I am reading a proof and it states the following without proof: Two separable Banach spaces $X$ and $Y$ are isomorphic iff there are sequences $(x_n)\subset X$ and $(y_n)\subset Y$ such that $\overline{sp}\{x_n \mid n\in\mathbb{N}\}=X$ and $\overline{sp}\{y_n \mid n\in\mathbb{N}\}=Y$ and $c\|\sum\limits_{n=0}^\infty a_nx_n\|\leq \|\sum\limits_{n=0}^\infty a_ny_n\|\leq C\|\sum\limits_{n=0}^\infty a_nx_n\|$for some $c,C>0$ and all $(a_n)\subset \mathbb{R}$.
I can prove <= easily but I am having trouble with the other direction. So far I have taken countable dense subsets $(x_n)$ of $X$ and $(y_n)$ of $Y$. These then automatically satisfy the closed linear span requirement. I am not sure how to verify the norm requirement. I know it must use the fact that $X$ and $Y$ are isomorphic but can't see how.
Could anyone please help me? Thank you
Let $\{x_n\}_{n\in \mathbb{N}}$ be a set with dense linear span and $T:X\rightarrow Y$ be an isomorphism. Put $y_n=Tx_n$. Then $\{y_n\}_{n\in \mathbb{N}}$ has dense linear span in $Y$. Now let $(a_n)$ be a sequence such that $\sum_{n=1}^\infty a_n x_n$ exists.
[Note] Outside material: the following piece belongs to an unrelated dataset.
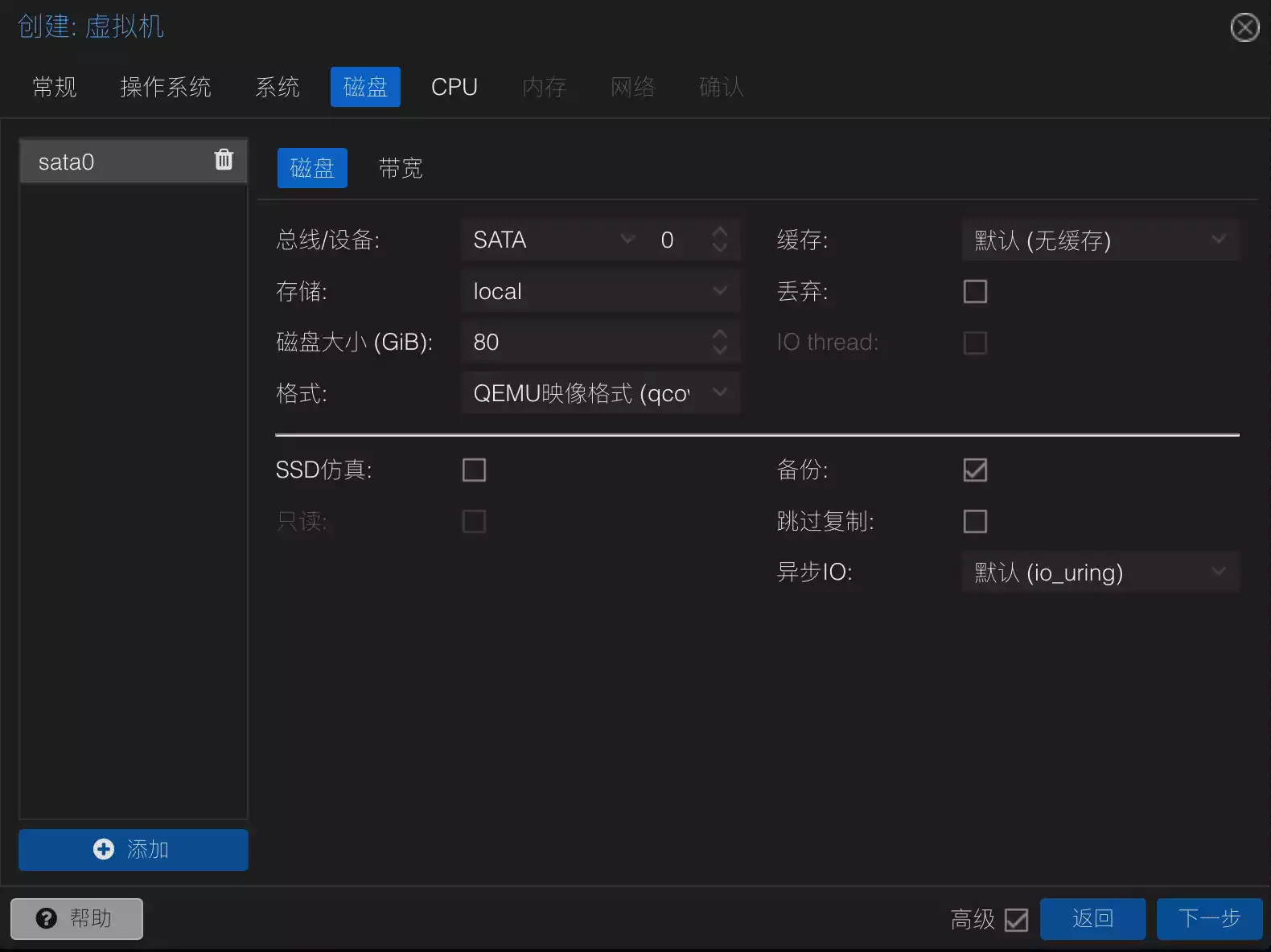,磁盘大小按你的实际情况来填写(建议至少 50G,也就是 Windows 的系统盘),点击下一步。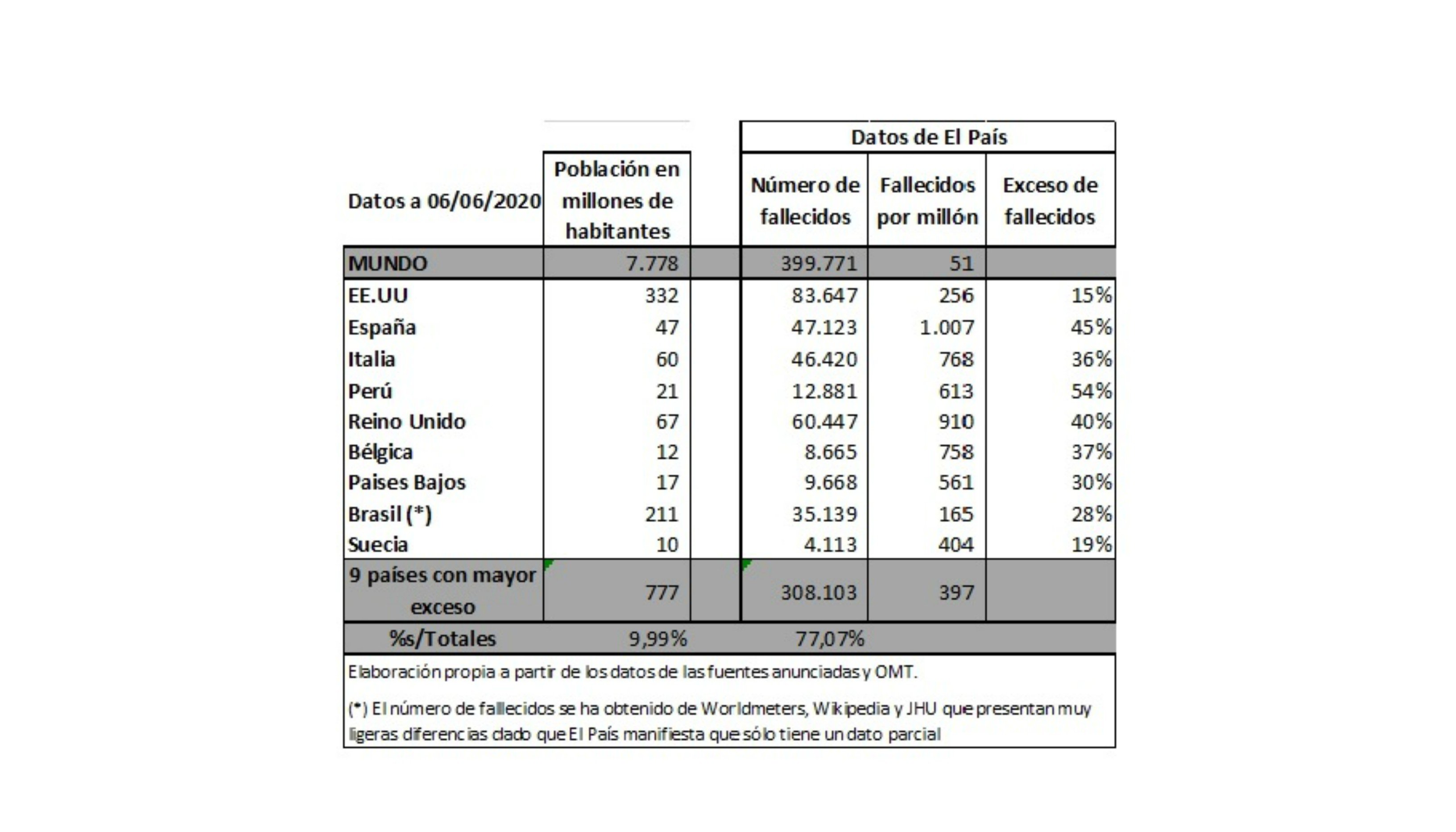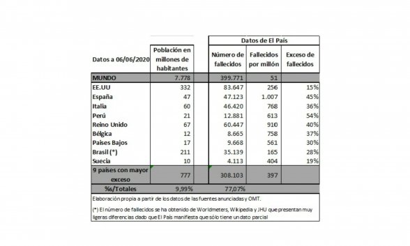 Pero como no puede dejar de ser fiel a su independencia de la verdad, titula que España es el segundo país del mundo con mayor exceso de fallecidos durante la crisis, lo que, no siendo falso, oculta el hecho más relevante que el propio diario publica en la tabla que adjunta al artículo: España es el país con el mayor número de fallecidos por millón del mundo (excepción hecha de algunos pequeños territorios, como San Marino). España, según muestra El País, ha superado ya la barrera de los 1.000 muertos por millón de habitantes, en concreto 1.007.

For every $N$ the following inequality is true: $$\|\sum_{n=1}^N a_n x_n\|=\|T^{-1}\sum_{n=1}^N a_n Tx_n\|=\|T^{-1}\sum_{n=1}^N a_n y_n\|\le\|T^{-1}\|\|\sum_{n=1}^N a_n y_n\|.$$ Similarly one obtains $$\|\sum_{n=1}^N a_n y_n\|\le \|T\|\|\sum_{n=1}^N a_n x_n\|,$$ so $$\frac{1}{\|T^{-1}\|}\|\sum_{n=1}^N a_n x_n\|\le\|\sum_{n=1}^N a_n y_n\|\le \|T\|\|\sum_{n=1}^N a_n x_n\|$$ for all $N$. Taking limits yields the claim.